ЗАКЛЮЧЕННЫЕ… В КАВЫЧКИ
(продолжение. Начало в № 9/2025)
Как вставало солнце красное
Да над городом Бердичевстан…
ГЛАВА ПЯТАЯ, ЗА КОТОРОЙ НЕИЗБЕЖНО ПОСЛЕДУЕТ ШЕСТАЯ
По пути к автобусной станции, которую еще называли «Врата ада» (преувеличение, конечно), я давал колено, чтобы посетить мемориал Миланы Стойку.
— Перед нами памятник Милане Стойку. Сейчас мы находимся в мемориальном сквере, разбитом в честь героической дочери нашего города. Милана Стойку выступала в Театре Вельком — американцы произносят «Уэлком» — с харáктерными и народными танцами. Ее зажигательные ритмы снискали ей популярность и сделали примаверой национального балета. Статуэтки Миланы Стойку, исполняющей «Танец семи покрывал», продавались по всему миру вплоть до Нью-Йорка. Однако мало кто мог предположить, что эта хрупкая маленькая женщина была глубоко законспирированным агентом-связником, передававшим в Партизанский Край ценнейшую информацию обо всем происходившем в стане врага. С началом войны Милана Стойку стала одним из тех бойцов незримого фронта, что под покровом тайны внесли свой вклад в дело победы. Потому «Танец семи покрывал» так удавался артистке и пользовался таким успехом у зрителей: под покровом тайны угадывалось больше, чем обычно принято скрывать. Однажды ей стало известно о готовящейся против партизан крупномасштабной операции с использованием тяжелой боевой техники. Генерал, командовавший этой операцией, побывал в Театре Вельком, где в тот вечер танцевала Милана Стойку. Своими огневыми stringendo и томными па она ослепила вояку с моноклем в глазу, который пожелал, чтобы «Танец семи покрывал» был исполнен лично для него. Артистку не пришлось уговаривать. Но когда вместе с последней наброшенной на его лицо кисеею в горло…

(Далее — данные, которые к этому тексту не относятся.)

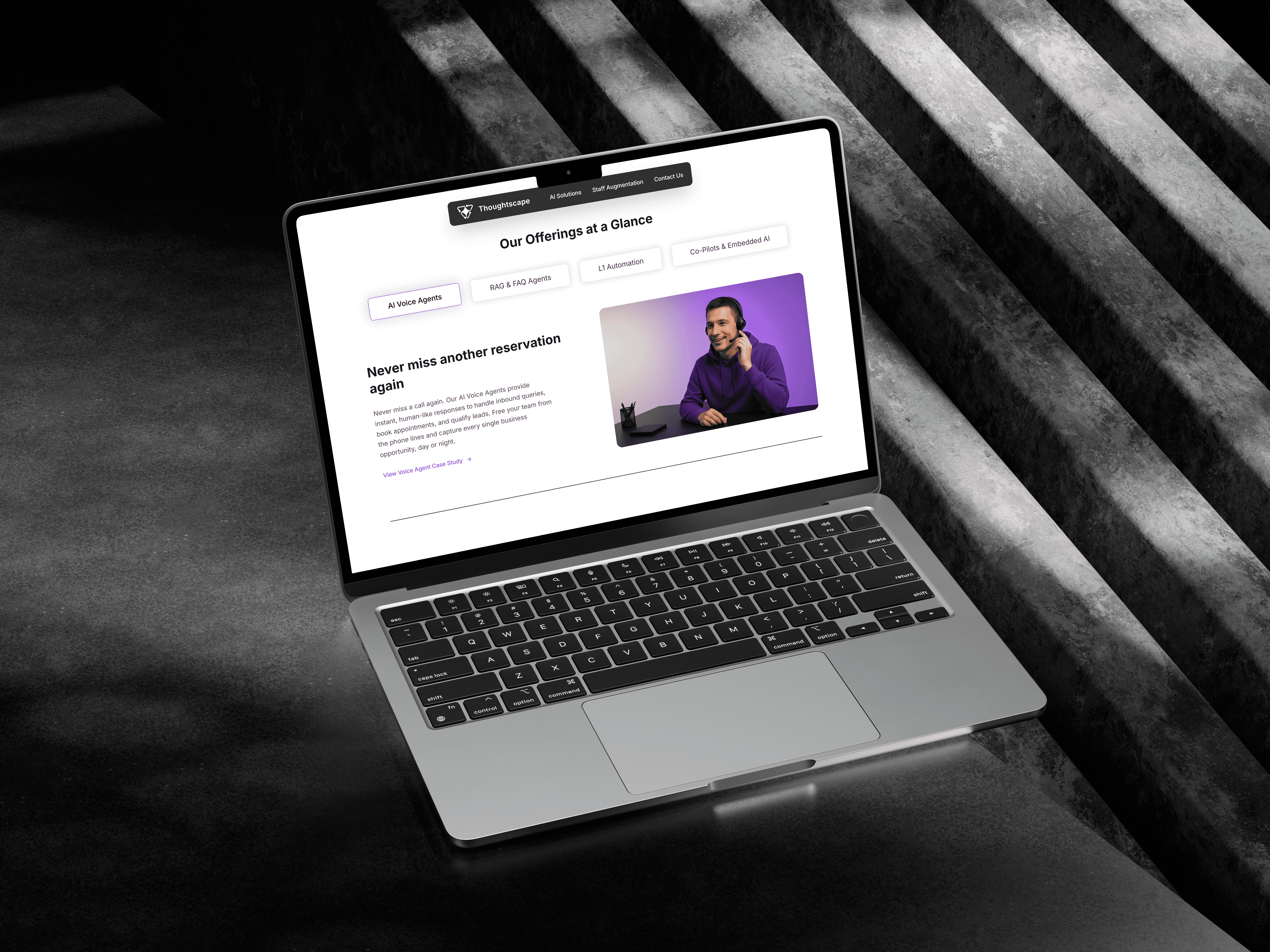 Developed complete brand identity and landing page for an AI solutions and staff augmentation company. Created a clean, professional visual system featuring sharp typography, sophisticated gradients, and modern color palette. The design communicates technical expertise and reliability while positioning Thoughtscape as a forward-thinking industry leader.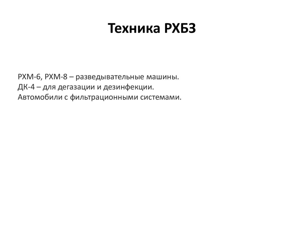 Техника РХБЗРХМ-6, РХМ-8 – разведывательные машины.

Я не успел произнести «в горло ему вонзился клинок», как разыгрывается эта дикая сцена. В голове не укладывается. Я был скандализирован до дрожи. В мемориальном сквере, разбитом на месте казни (обезглавливания) Миланы Стойку, всегда полно пенсионеров, греющих на солнышке перекинутую через палку ногу и подглядывающих за парочками. В моем детстве здесь еще гонялись за хозяйской палкой собаки, но с введением новых гигиенических норм к ограде привинтили табличку: дружелюбная морда немецкой овчарки с красным запретительным знаком. Из бывших в саду пенсионеров всегда кто-то присоединялся к нашей экскурсионной группе. В конце концов, я рассказывал интересные вещи. Поэтому я не обратил внимания на типа в берете «прощай молодость» — мой взгляд лишь опасливо искал знайку-очкарика, который лезет с вопросами, чтобы себя показать.
На слове «клинок» («с последним сброшенным покрывалом горло генералу пронзил клинок») этот субъект как с цепи сорвался: принялся кричать и нести что-то несусветное про юную особу, которую я завлек в притон разврата, и что моих угроз — его убить — он не боится. Он не унимался, как если бы в горле у него была испорченная пластинка.
— Я вас впервые вижу. Вы пьяны или сошли с ума. Вы мешаете экскурсоводу, — и я замахнулся на него тростью. Вопреки заверениям, что не боится меня, он поспешил ретироваться.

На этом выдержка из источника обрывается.